To test the theory out, I add a test feed that's pointing to my website and tail the nginx
logs, doing both a crossbow-fetch
and a regular curl:
77.97.102.36 - - [13/Aug/2020:11:09:18 +0000] "GET / HTTP/1.1" 200 2090 "-" "-" 77.97.102.36 - - [13/Aug/2020:11:09:55 +0000] "GET / HTTP/1.1" 301 178 "-" "curl/7.71.1"

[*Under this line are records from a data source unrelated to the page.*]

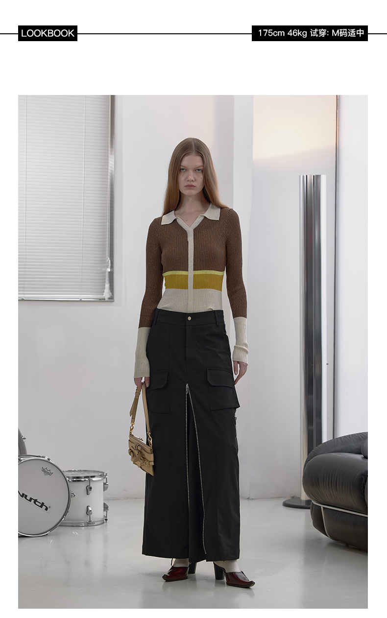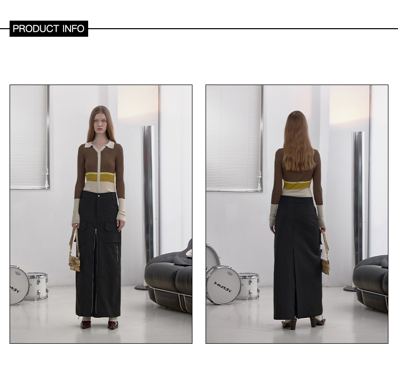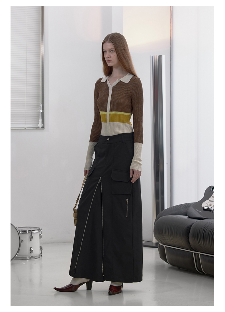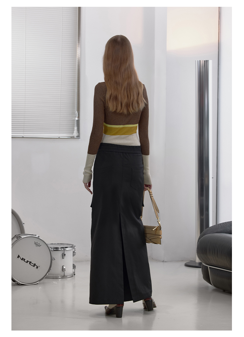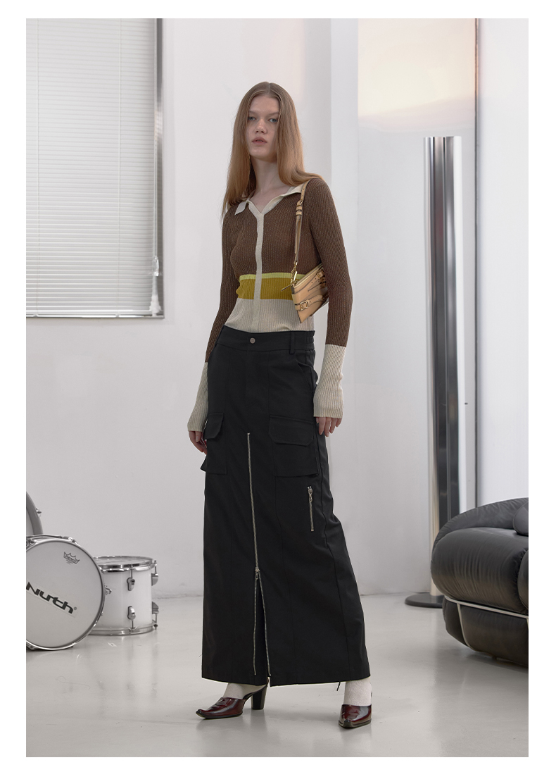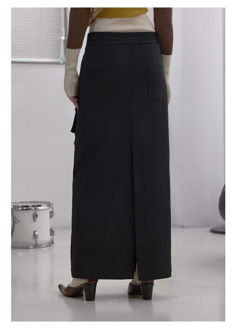 NUTH“思维分叉”|黑色多口袋长裙结构拉链设计感半身裙
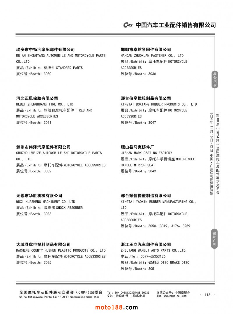 內56-132 第87屆(2024春)全國摩托車及配件展示交易會-石家莊站參展企業信息
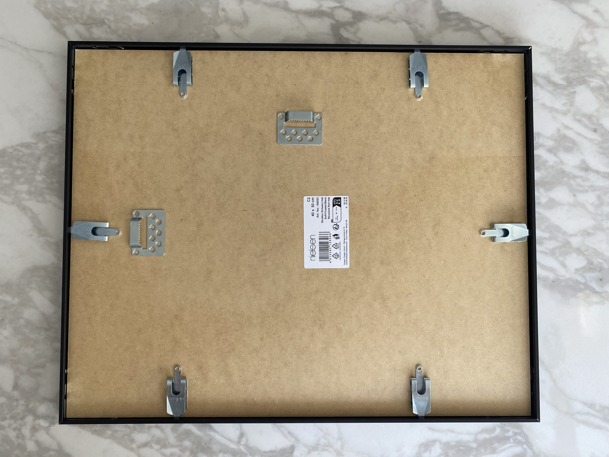 Encadré dans un cadre métallique, aux bords noirs, avec un passe-partout, sous verre.
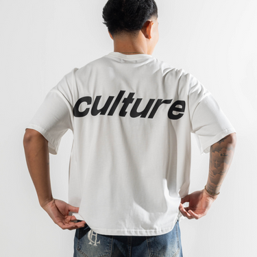 The Altitude Tee, a must have for the wardrobe rotation. It features a single logo screen print on the lower left side of the front, with a large 'culture' typography spanning across the upper back.
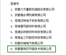 2018年8月29日,安徽省經(jīng)信委通過(guò)官網(wǎng)發(fā)布——2018年度安徽省成長(zhǎng)型小微企業(yè)認(rèn)定名單,我公司安徽譽(yù)特雙節(jié)能技術(shù)有限公司喜獲認(rèn)定,為蕪湖市僅有的八家上榜企業(yè)之一,也是蕪湖國(guó)家級(jí)經(jīng)濟(jì)技術(shù)開(kāi)發(fā)區(qū)和蕪湖高新技術(shù)創(chuàng)業(yè)園區(qū)唯一的入選企業(yè),含金量頗高。
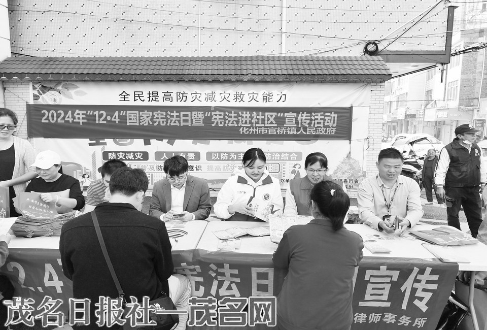 本报讯 12月4日是我国第十一个国家宪法日。当日,时值官桥镇群众赶集日,化州市官桥镇党委组织平安法治办、司法所、新时代文明实践所、妇联、禁毒协会等职能部门在镇政府门口“摆摊设点”,开展2024年“12·4”国家宪法日暨“宪法进社区”宣传活动,让宪法宣传接地气、聚人气、有活力(如图)。
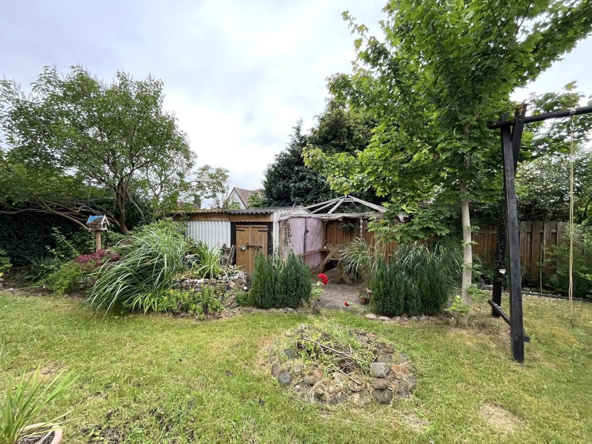 Das vormals objekttypische große Grundstück wurde vor einigen Jahren geteilt. Die Nutz- und Ziergartenanlage liegt mit einer großen Rasenfläche zur Straße und durch hochgewachsene Gehölze blickgeschützt auch seitlich des Hauses. Der Garten ist sowohl klassisch pflegeleicht angelegt - als auch sehr kreativ gestaltet. Es sind verschiedene Freisitzgelegenheiten am Haus und im Garten vorhanden. Der Carport und die Garage mit Schuppen/Unterstand sind entlang der Grundstücksgrenze im baulichen Verbund errichtet.
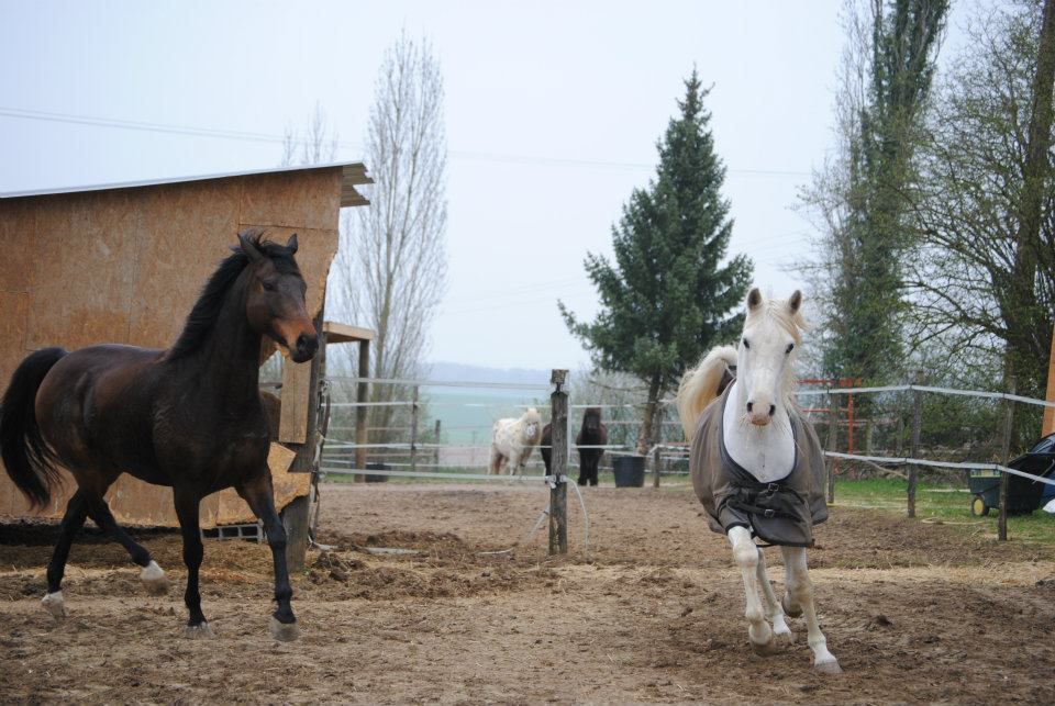 DéconnectéDire merci | Oui, c'était bien sympa cette rencontre, Wellan est un entier vraiment agréable et calme, j'ai encore du mal a croire qu'il y en a vraiment des comme ça ! Du coup, quand j'ai rentré les miens hier soir, la con.erie de Vol du soir n'est pas passée, il a pris une tarte ! Faut vraiment que je m'attelle à la tache avec lui...J'ai aussi découvert Kirikou - jamais vu en photos -, c'est une très belle jument, m'attendais pas à ça d'une trotteuse ! |
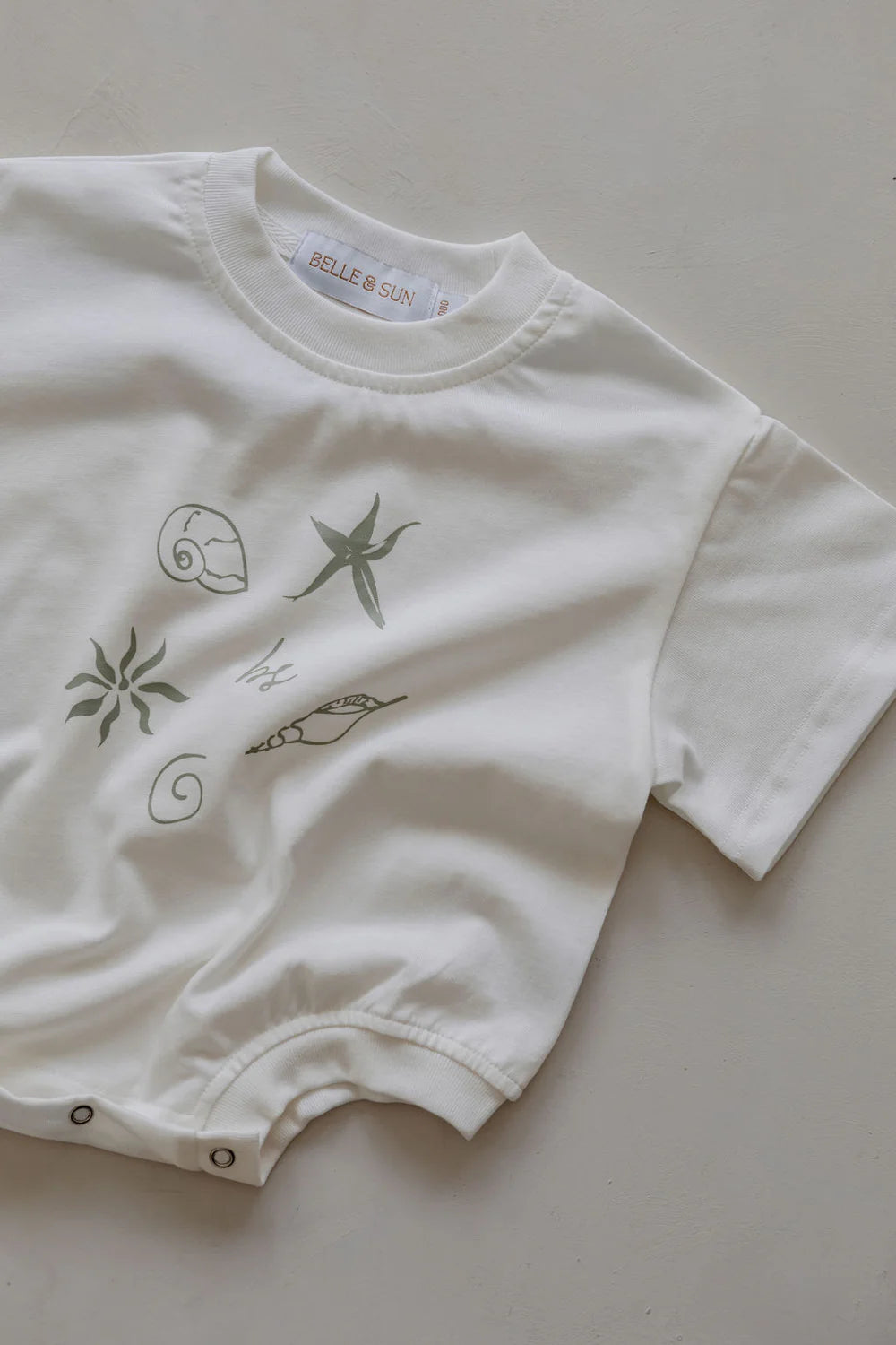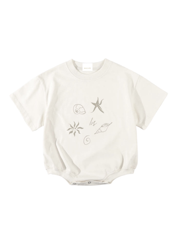 Bring the beauty of the ocean to your little one's wardrobe with the Sea Treasure Romper. This adorable romper features whimsical sea-inspired artwork, showcasing shells, starfish, and other ocean treasures in soft, earthy tones. Made from premium, breathable cotton, it ensures all-day comfort for your baby. The relaxed fit, snap closures at the bottom, and envelope neckline make dressing and diaper changes a breeze. Perfect for sunny adventures or cozy days at home, this romper is a must-have for tiny sea lovers.
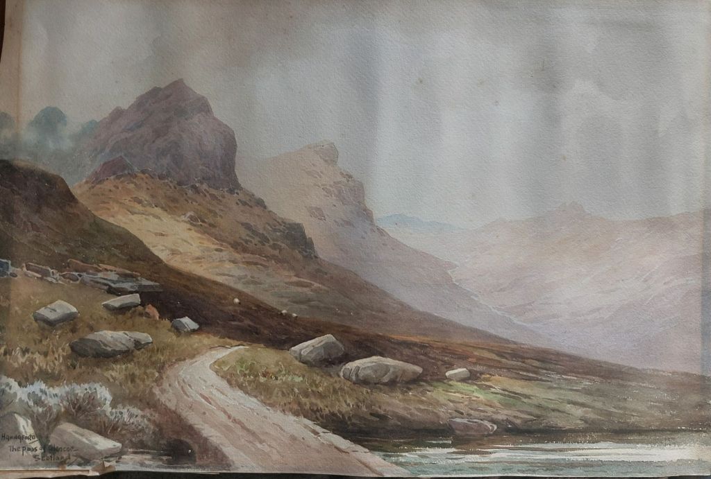 A quite beautiful image of ‘The Pass of Glencoe, Scotland’ by #CharlesEdwardHannaford (1863-1955). Hannaford was born in Liverpool and studied art in London and Paris. He was educated as an engineer/architect, and his work brought him to the notice of artists William Cook and Stanhope Forbes. He was also well thought of and collected by the Royal family. His art brought him to reside in Plymouth, Cornwall, London, and finally moving to Norfolk settling in the town of Thorpe. A very good piece even after being exposed to the elements.
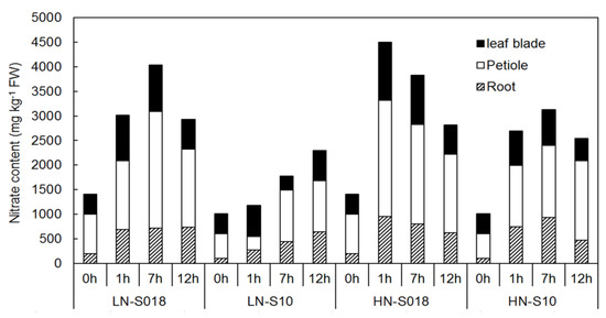 The nitrate contents generally differed between the two spinach varieties and two nitrate concentration treatments (Figure 2). The nitrate contents in the whole plant of So18 were significantly greater than those in So10 at each treatment time, irrespective of the applied nitrate concentration. Among all treatments, the nitrate contents in leaf petioles were significantly greater than roots and leaf blades, except for the leaf petioles under low nitrate treatment at 1 h. Applying a greater nitrate concentration generally increased the whole plant nitrate contents for both varieties, except for So18 at 7 h and 12 h.
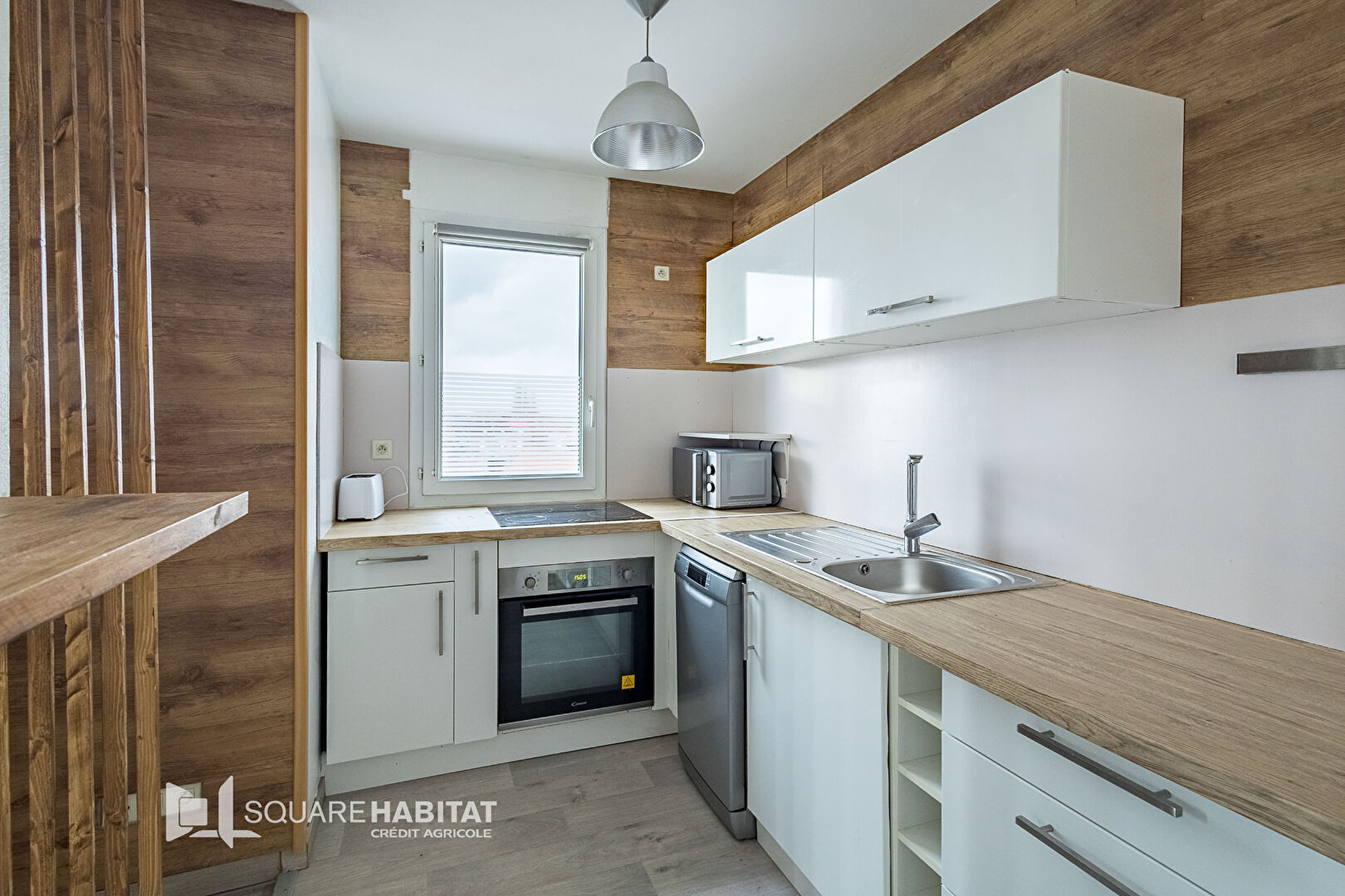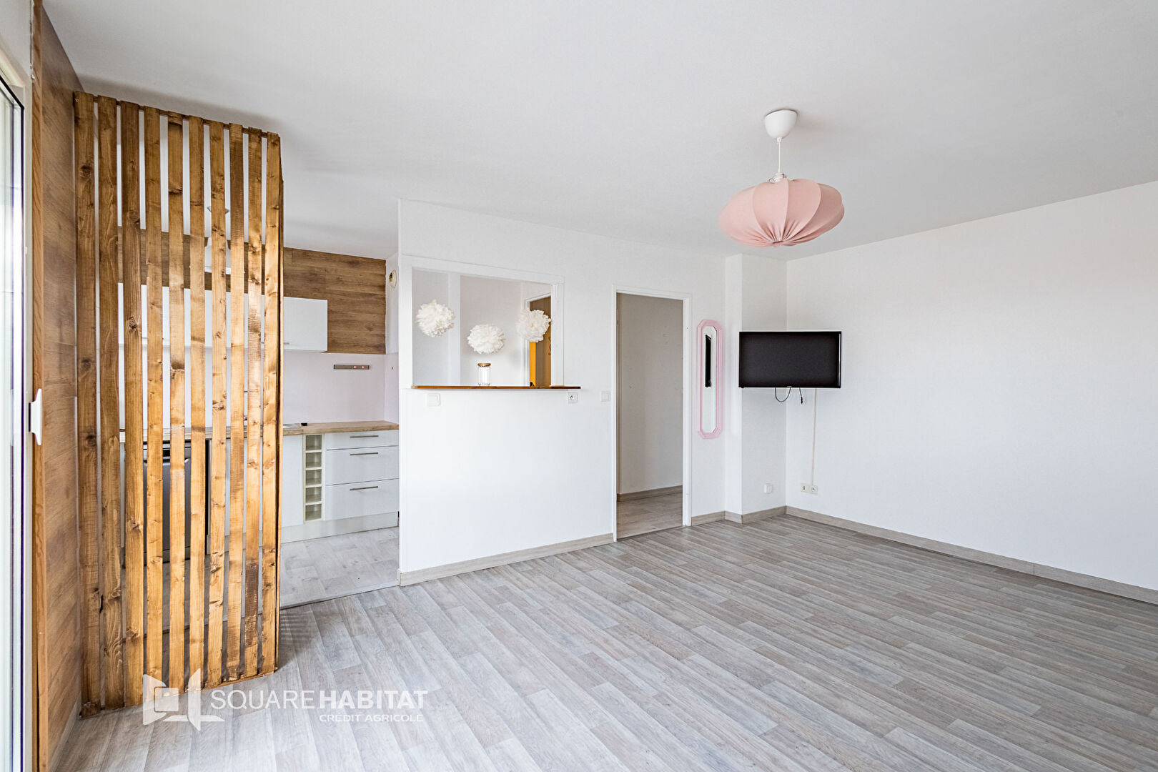 Un hall dessert un WC séparé, un lumineux séjour donnant sur un balcon, une cuisine équipée récente.
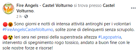 Questo parte del post pubblicato sulla pagina Facebook 'Fire Angels - Castel Volturno', gruppo di volontari cittadini che controllano il territorio, per prevenire l'accensione di roghi e sversamenti illegali di rifiuti: "Sono giorni e notti di intensa attività antiroghi per i volontari Fire Angels Castel Volturno, solite zone di delinquenti senza scrupolo. Ieri sera - si legge - nei pressi della superstrada altezza Lago Patria, intervento di spegnimento rogo tossico, andato a buon fine con le sole nostre forze e risorse".
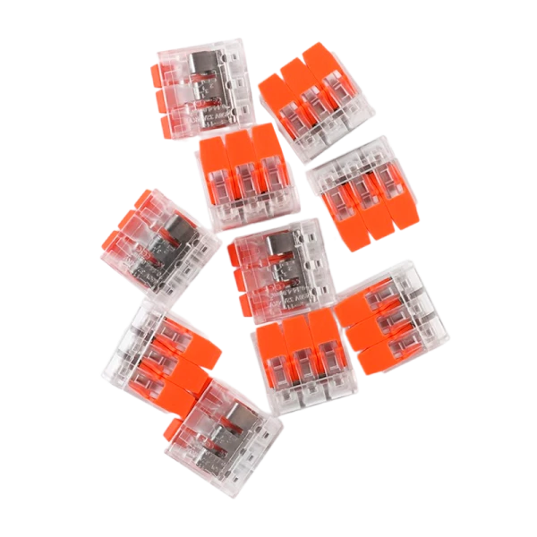 Строительно-монтажные клеммы Volsten серии 221 предназначены для соединения одножильных и многожильных проводов сечением от 0,2 до 4 мм2. Усовершенствованная конструкция плоских легкозащелкиваемых рычагов позволяет быстро и надежно соединить проводники.

So the libcurl being used by nxml_download_file
isn't passing any user-agent header.
Let's see what databreaches.net thinks of this:
<!DOCTYPE html> <!--[if lt IE 7]> <html class="no-js ie6 oldie" lang="en-US"> <![endif]--> <!--[if IE 7]> <html class="no-js ie7 oldie" lang="en-US"> <![endif]--> <!--[if IE 8]> <html class="no-js ie8 oldie" lang="en-US"> <![endif]--> <!--[if gt IE 8]><!--> <html class="no-js" lang="en-US"> <!--<![endif]--> <head> <title>Attention Required! | Cloudflare</title> <meta charset="UTF-8" /> <meta http-equiv="Content-Type" content="text/html; charset=UTF-8" /> <meta http-equiv="X-UA-Compatible" content="IE=Edge,chrome=1" />
Well there we go, Cloudflare has decided that I'm not allowed to see content because I haven't told them what my UA is (╯ °□°)╯︵ ┻━┻
Sticking a pin in it
I need to have a bit of a think about the best way to proceed (and I need to get some real work done) so here are some options:
- Set up an HTTP proxy that keeps track of which site wants which UA and uses it accordingly
- Add a UA argument for
crossbow-fetch
- Go the whole hog and add support to both
crossbow-fetch
andcrossbow-set
so that UA can be set for each feed
I don't want to put in too much speculative work for something that might not be accepted upstream, so I'm going to stick a pin in this and come back to it later.